1 in 3 L.A. County youth offenders is re-arrested within year, study finds
It took $400,000 and nearly four years of work to uncover, but experts now know a basic fact about Los Angeles County’s juvenile delinquency system: One-third of probationers are re-arrested within a year of their release.
“The county has the biggest child prisons in the country and they couldn’t tell you if the kids got fixed,” said Connie Rice, the civil rights attorney who leads the Advancement Project, the nonprofit that funded the study.
The study, led by researcher Denise C. Herz at Cal State L.A., also sought to document the chaotic home lives of the children who end up in the county’s detention camps, group homes, psychiatric hospitals and community-based placements.
Half of the children come from families who survive on public assistance. A third come from families with substance abuse. Two-thirds have parents or siblings who have been arrested or incarcerated. And one out of five come from gang-involved families.
“We are doing a better job keeping these kids in the community, but if we are not addressing some of those chaotic factors that make their lives unstable, they are more likely to come back to camps or suitable placement,” Herz said.
The youth themselves suffered from mental illness at an alarming rate, with 92% receiving some kind of diagnosis. Half also had problems with substance abuse, especially alcohol and marijuana.
Experts said they were somewhat encouraged, however, that even more children are not re-arrested, given the reality that the youth come from such troubled backgrounds and that many had been arrested numerous times before coming into custody.
“I honestly thought the rate was going to be higher,” Rice said.
But researchers lamented that the L.A. County Probation Department’s data collection system was in disarray and unable to yield basic information needed to ensure that services for the children are properly organized. Data on the length and effectiveness of treatment programs, for instance, remains a mystery.
The information in the report was time-consuming to compile, they said, because they had to read narrative-style notations in 500 case files for children under county supervision in 2011.
Probation Chief Jerry Powers acknowledged that no current proposals exist to significantly improve data monitoring. “I couldn’t even begin to guess how much it would cost,” he said.
But researchers said it wasn’t just logistical obstacles that stood in their way; they said they also confronted a culture in the county that was reluctant to compile and analyze data.

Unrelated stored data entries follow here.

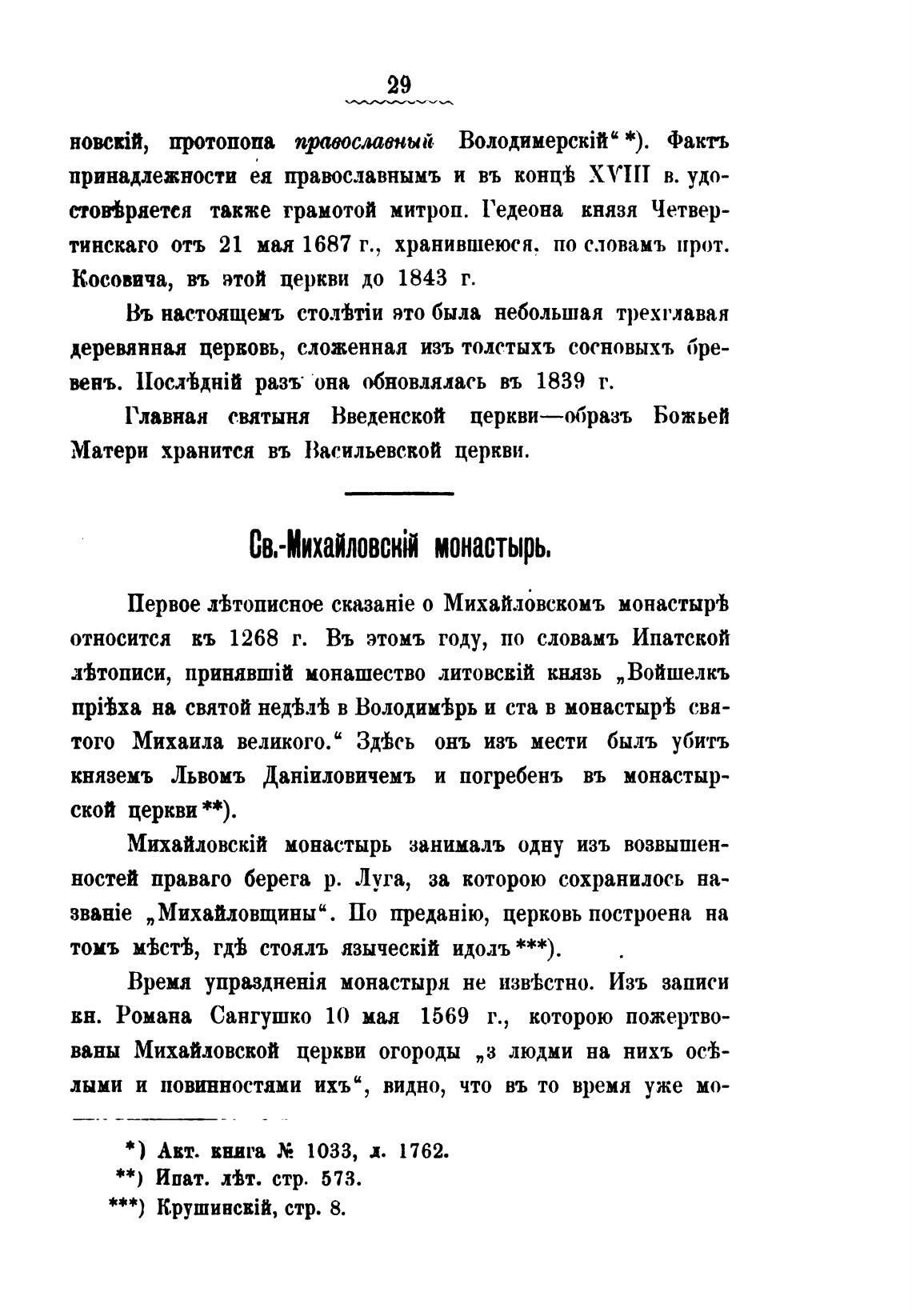 Первое лгЬтописное cka3aHie о Михайловскомъ монастырћ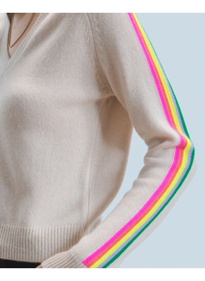Une maille douce pour ce pull court confectionné en cachemire 4 fils. Muni d'un col V et de bords côtelés, il révèle des bandes multicolores le long des manches longues, le détail signature du vestiaire FROM FUTURE. Facile à mixer, complétez votre look avec un jean droit ou un jogging molletonné.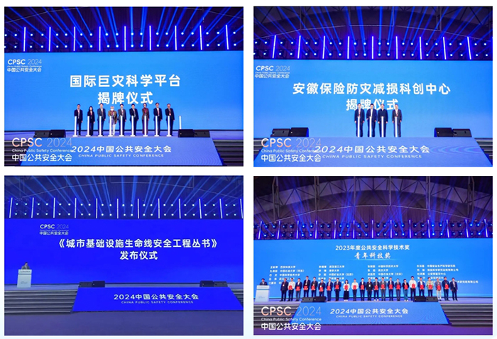 11月16日上午,大会开幕式在滨湖国际会展中心举行,现场众多专家和领导嘉宾出席并致辞,省直有关部门负责人,有关高校、科研院所、协会学会、企业负责人和海内外专家学者参加。会上,还举行了国际巨灾科学平台揭牌仪式、安徽保险防灾减损科创中心揭牌仪式、《城市基础设施生命线安全工程丛书》发布仪式以及“2023年度公共安全科学技术奖”颁奖仪式。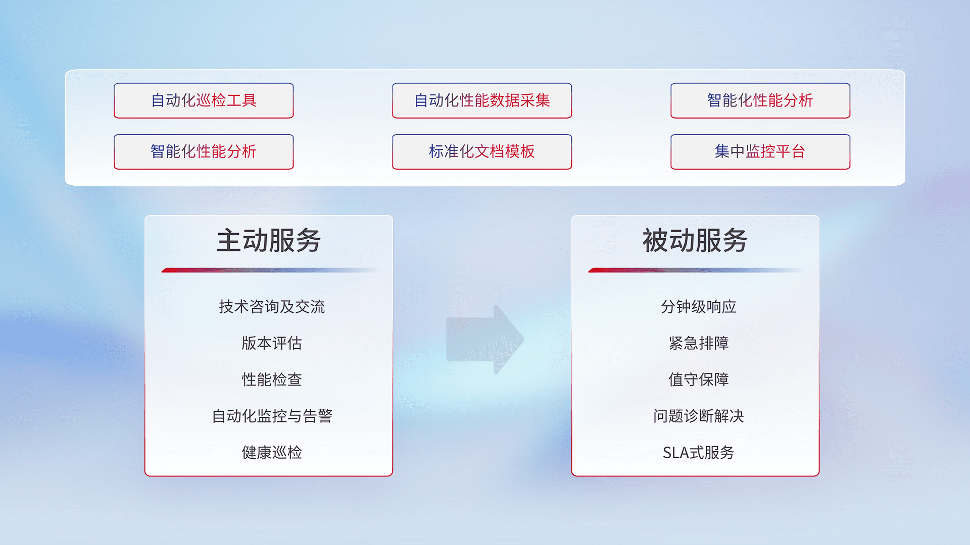 智能化工具和标准化文档,,保障服务质量,,,,提供主动服务(包含技术咨询、、、、版本评估、、、性能检查、、、、自动化监控与告警、、健康巡检)和被动服务包含(分钟级响应、、紧急排障、、值守保障、、问题诊断解决、、、、SLA服务)。。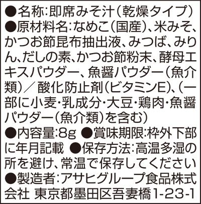 | 内容量 | ■ 旨だし おみそ汁 なめこ 合わせ 8g 10食 |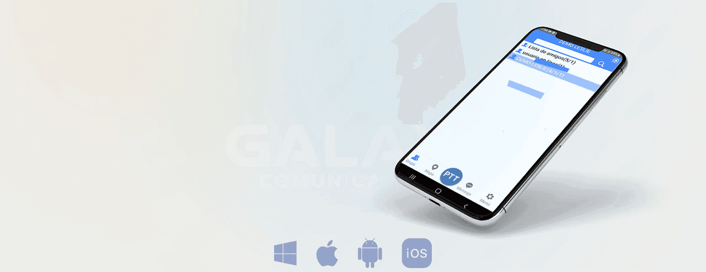 Comunicación tipo Push-to-Talk (PTT) con un clic desde la central a uno o varios usuarios. Compatible con radios PoC y aplicaciones móviles Galaxy.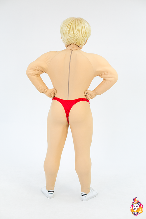 - Package content The head is a 3D mask covered with a biflex, an anatomical helmet inside, an observation area in the eyes, additional.ventilation holes in the mouth and nose, artificial hair. A body with well-developed anatomical features - a muscular system; underwear (panties), a pair of gloves made of biflex.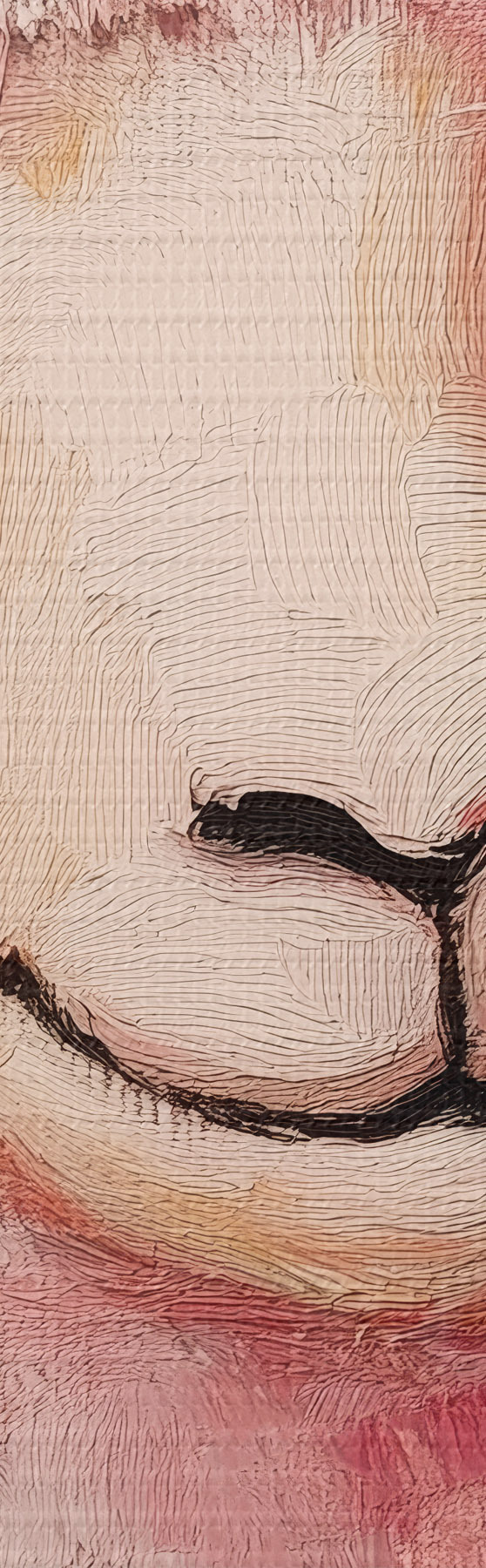 Smalkais diegu pinums uz šī audekla atgādina profesionālu mākslinieku audeklu virsmu.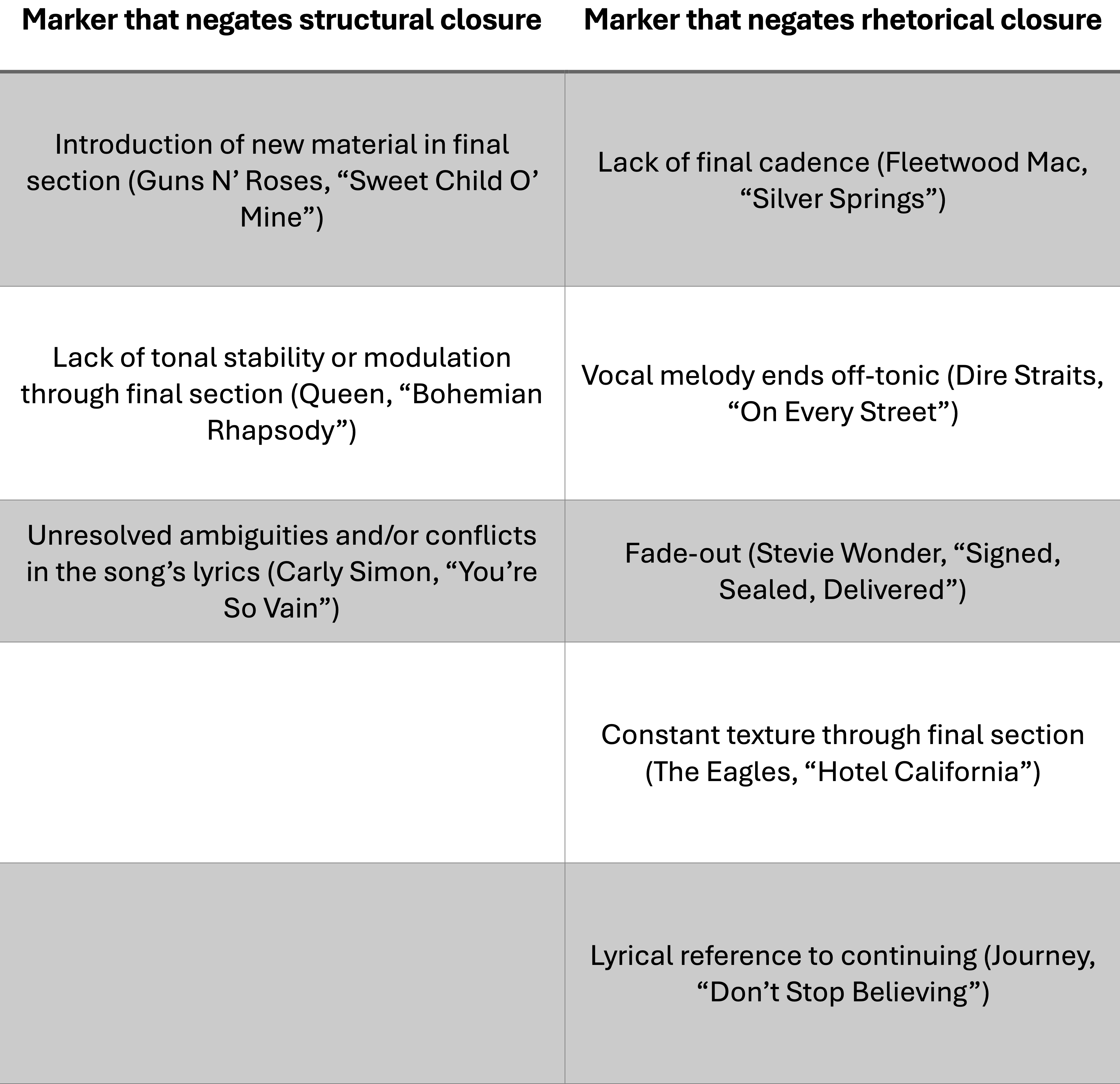 Musical markers that negate structural and rhetorical closure

The study, Rice said “was frightening to people. But since it was our money, they couldn’t shut it down, even though they tried.”
Powers acknowledged “there was more than one person who said ‘they are just going to beat you over the shoulder with this information’.”
But once the data was analyzed, he said he was encouraged by the results because the youth in the study had experienced so much trauma and so many previous arrests.
“This is really the first group of kids coming out of the reformed camp system after the Department of Justice came in to monitor,” he said. “If this recidivism number holds, that’s pretty remarkable.”
Six years ago, the U.S. Department of Justice cited the county’s camps for misuse of force against many of the youth, but Powers said the county is now in compliance with the federal government’s mandated reforms.